Hook versions deployed
| Hook | Address | Purpose | Tokens bound |
|---|---|---|---|
| V5 | 0x97eDFABc...C8 | Default global hook for all launched tokens | 1,068+ |
| V6.3 | 0x5FcBFdAF...C8 | Current hook for new launches (JIT + V6.3 decay) | New tokens |
| V6.4 | 0x2ef7EF5c...C8 | Sandwich-trap on v3 NEW/WETH pool | 1 pool |
| V4 (original) | 0x24Fc077B...C8 | Original hook (deprecated) | Legacy |
Per-token hook routing uses s.v4HookOf[token] with a fallback to the global s.v4NativeHook. Tokens launched before a hook upgrade keep their original hook binding. The Diamond owner can rebind individual tokens via setV4NativeHook() or setTokenHook(), but bulk rebinding requires backfilling every existing token first to avoid breaking their pool routing.
Frequently asked questions
Frequently asked
- Does the anti-sniper fee apply to both buys and sells?
- Yes. The decay fee applies to any swap in the pool during the window, regardless of direction. However, in practice snipers are almost exclusively buyers in the first seconds. The buyOnly flag in PoolParams can restrict the penalty to buys only for specific pools, but the default applies to both directions.
- Can a creator set a longer anti-sniper window?
- No. Window parameters are set per-hook by the Diamond owner, not per-token by creators. The default 60-second window and 80% max fee are the same for every launch. Custom per-pool overrides exist (setPoolParams) but are admin-only, capped at MAX_OVERRIDE_WINDOW_SEC = 600 seconds and MAX_OVERRIDE_FEE_BPS = 9500.
- What if I want to buy a new token without paying the sniper fee?
- Wait 60 seconds after launch.
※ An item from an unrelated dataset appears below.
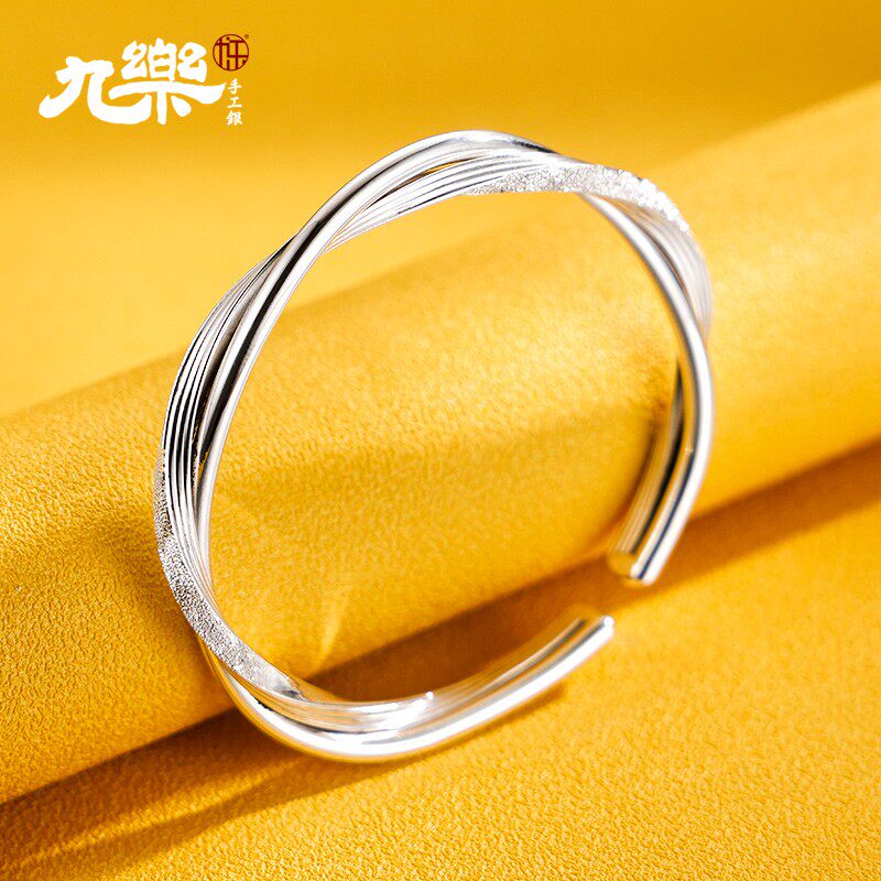 九乐足银999莫比乌斯银手镯女年轻款交叉喷砂纯银镯子送女友礼物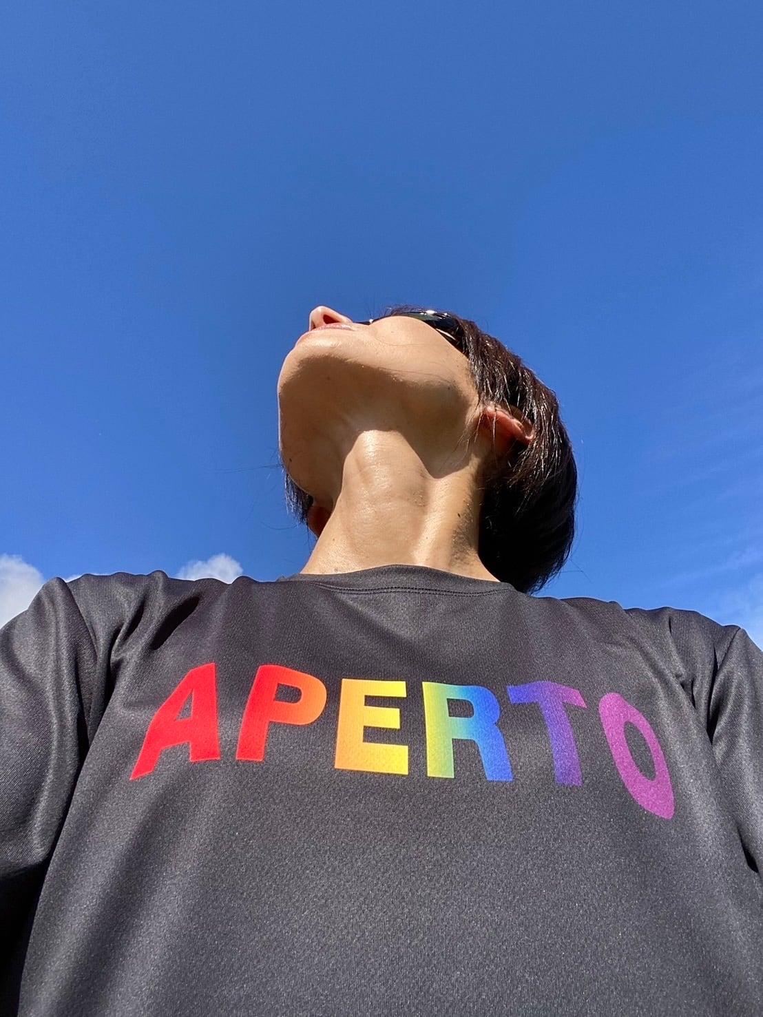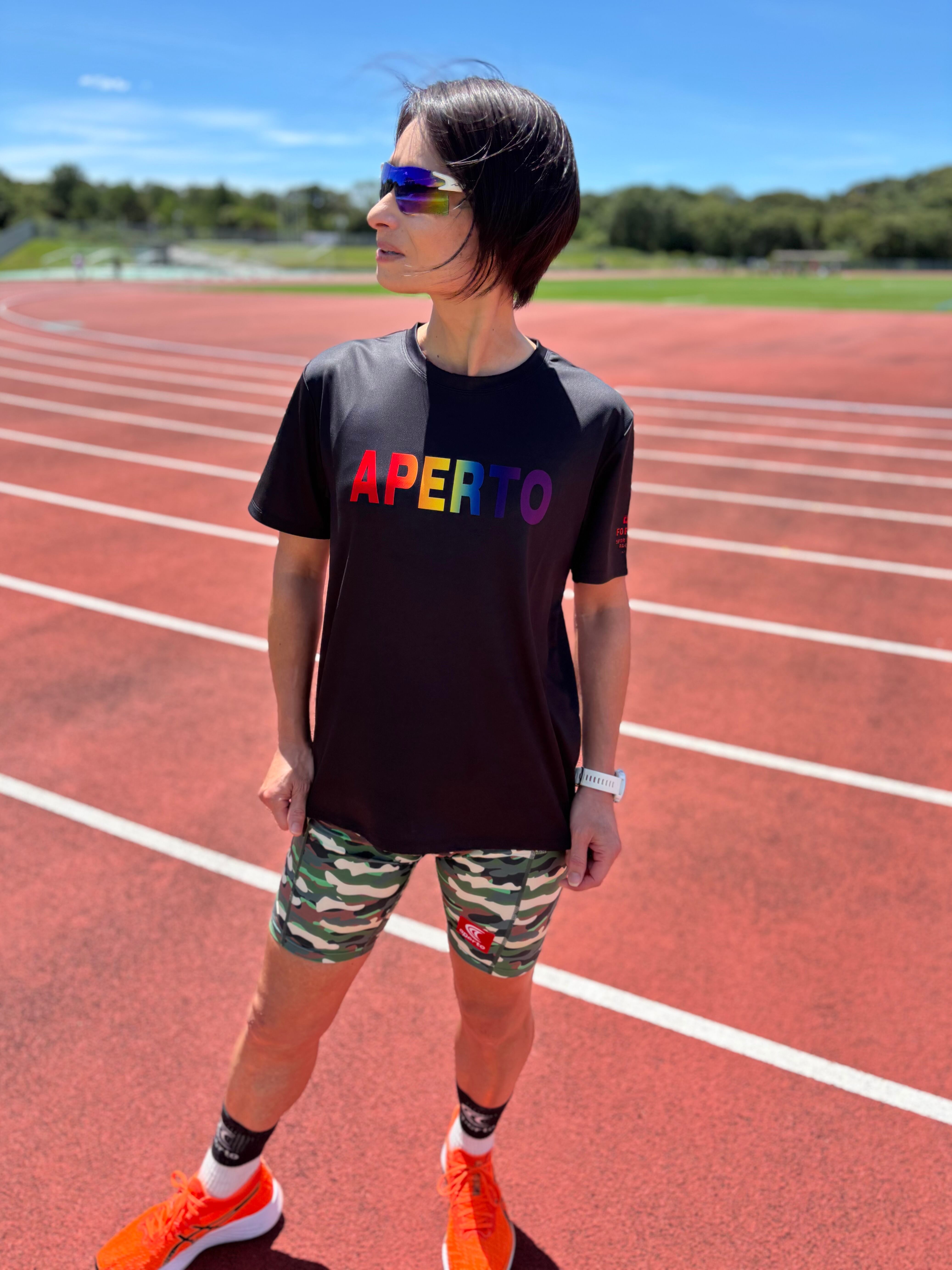 レインボーカラーで前面にAPERTOのロゴ、後面に灯台ロゴをアレンジしたカジュアルTシャツになります。ランニングはもちろん、様々なアクティビテイシーンや、アフターランニングのお食事や普段使いでもご愛用頂けるカジュアルTシャツです。ご好評頂いている、艶感のあるブラックカラーは、男女問わずご愛用頂けるアペルトお勧めのTシャツです。

At t=60s the fee drops to the permanent 1% base, which is the same fee every token charges on every trade forever. The decay is fast enough that waiting even 30 seconds reduces the fee from 80% to about 13%.
- How do hook fees reach my wallet as a creator?
- Creator fees accumulate in the Diamond's ClaimFacet. After each swap, the hook's fee split deposits the creator's share into a claimable balance keyed by the creator's address. Creators call claim() on ClaimFacet (or use the UI at thryx.fun/profile) to withdraw. There is no minimum claim amount and no time lock.
- Has a sniper ever profited despite the hook?
- In the first 30 seconds of deployment, two snipers attempted t=0 buys on high-interest launches. Both paid the full 80% fee. One broke even after a 5x pump; the other lost 60% net. The hook does not make sniping impossible — it makes it economically irrational for any expected pump below 5x, which covers the vast majority of launches.